There is thus a suppressed hidden history, as it runs contrary to the interests of the powerful. That is, subtextually, the histories of ‘great men’ are a form of propaganda that justifies the violence of the rarified class pursuing war in expectation of personal gain, loot. They are histories of violence, of kings and their armies unifying a surrounding countryside through force, of the ‘great’ weaponising rape and slaughter.
The history that is not taught by the establishment is of incorporation and enslavement, empire-building by those with a big stick. It is a history of aggrandisement at the expense of the little sod, like the farmer simply struggling to eat who would be arbitrarily thrown off his land by thugs brandishing swords. For those at the bottom of the food chain there was a fraught struggle to survive, with violent crime and theft clear options and endemic. War was not a glorious adventure, it was conscription into an army that probably meant death in battle, but you could eat (or pillage and thieve with impunity) in return for lining others’ pockets. A short and bedevilled life for the poor.
And people were indoctrinated into the false moral imperatives of religion in order to justify the rapacious activity of those with a big stick: killing and looting was done in a good cause, in the name of God. There were religious sceptics, but they were given the choice of obeying canonical law or being cut out and cut off.
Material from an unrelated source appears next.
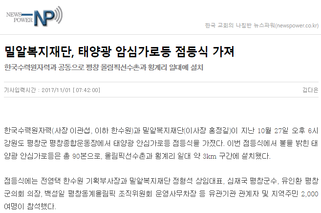 [크리스천투데이] 밀알복지재단-한수원, 경주시에 태양광 안심가로등 설치
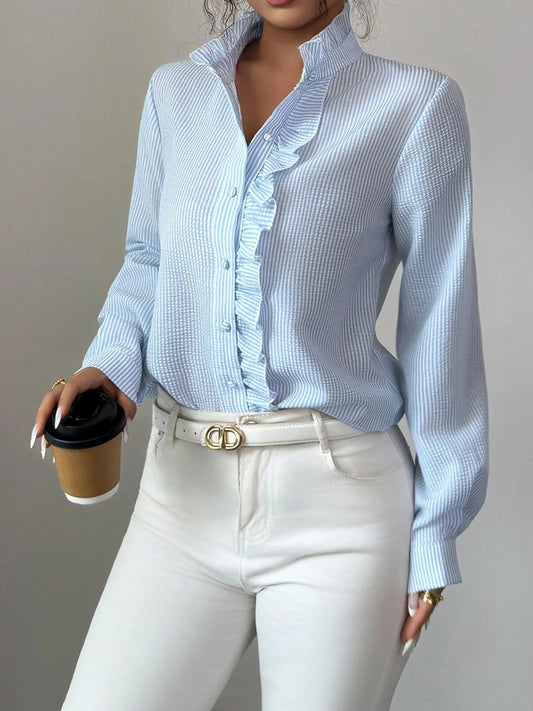 Regular price £29.00 GBPRegular priceUnit price / perSale price £29.00 GBPRuffle Front Striped Button-Up Shirt

It is best to doff your cap if the alternative is losing your livelihood or being pilloried (as in the stocks) or being burned alive. With the right hand they preached virtue and righteousness, and with the left hand they took your soul through threats and violence.
Over centuries, for the ruling elite, this pattern of grabbing by force as a moral duty persisted as the main mode of economic activity, i.e. taking rather than creating, and led to the consolidation of realms and the advancement of techniques of war. It was impossible for the lowly to organise against such societal exploitation, as they did not have the resources of the powerful nor the means of communicating with each other.
However, there have always been mutinies in armies: put a large group of men together and they will talk, and turn on their leaders if they are not convinced they are being treated fairly. An army was the biggest threat to vested interest and kingly rule, being a large and organised force; and rulers have always been very concerned about the welfare of their armies, and we have sayings like ‘an army marches on its stomach’. But fighting men are still cannon fodder, despite being fed: although those with wealth and power will make concessions when under threat, they will only make enough to retain control and keep the lower orders quiet.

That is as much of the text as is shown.